Recorded data =
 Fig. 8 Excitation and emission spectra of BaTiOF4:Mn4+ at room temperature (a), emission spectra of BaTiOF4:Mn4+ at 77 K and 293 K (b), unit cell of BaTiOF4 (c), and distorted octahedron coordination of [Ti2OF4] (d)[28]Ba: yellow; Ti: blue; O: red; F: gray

* * *

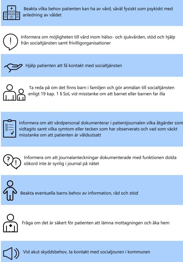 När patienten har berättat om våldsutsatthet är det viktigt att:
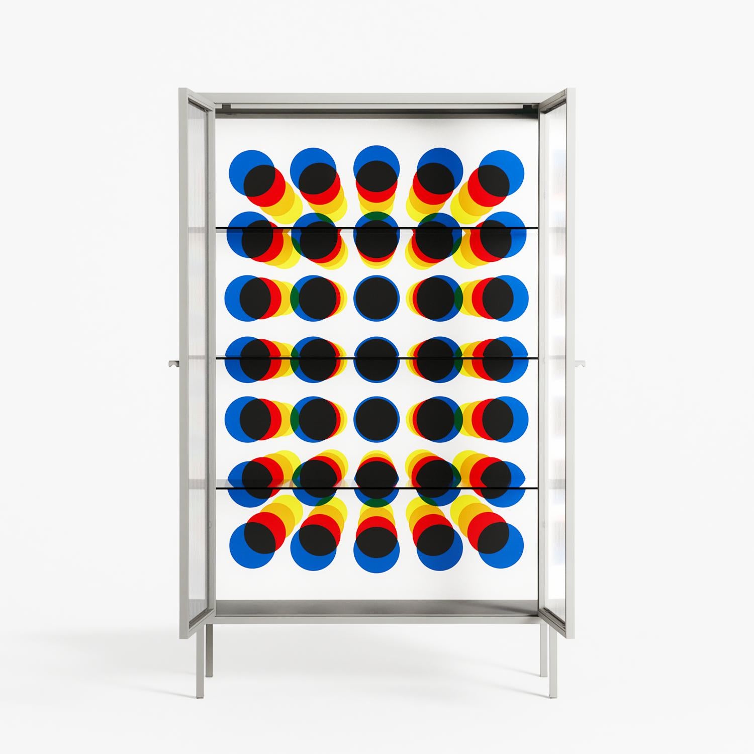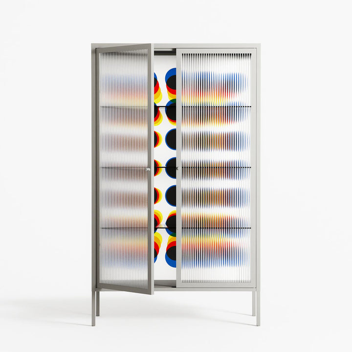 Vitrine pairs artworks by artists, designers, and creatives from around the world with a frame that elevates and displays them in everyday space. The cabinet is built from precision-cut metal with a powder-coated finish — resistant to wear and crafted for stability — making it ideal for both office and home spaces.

What the exercise asks =
Your answer should be the exact lines above from the one containing "När patienten har" through the one containing "Vitrine pairs artworks", with both end lines kept and the pictures removed, please.

Answer to the exercise =
 När patienten har berättat om våldsutsatthet är det viktigt att:
 Vitrine pairs artworks by artists, designers, and creatives from around the world with a frame that elevates and displays them in everyday space. The cabinet is built from precision-cut metal with a powder-coated finish — resistant to wear and crafted for stability — making it ideal for both office and home spaces.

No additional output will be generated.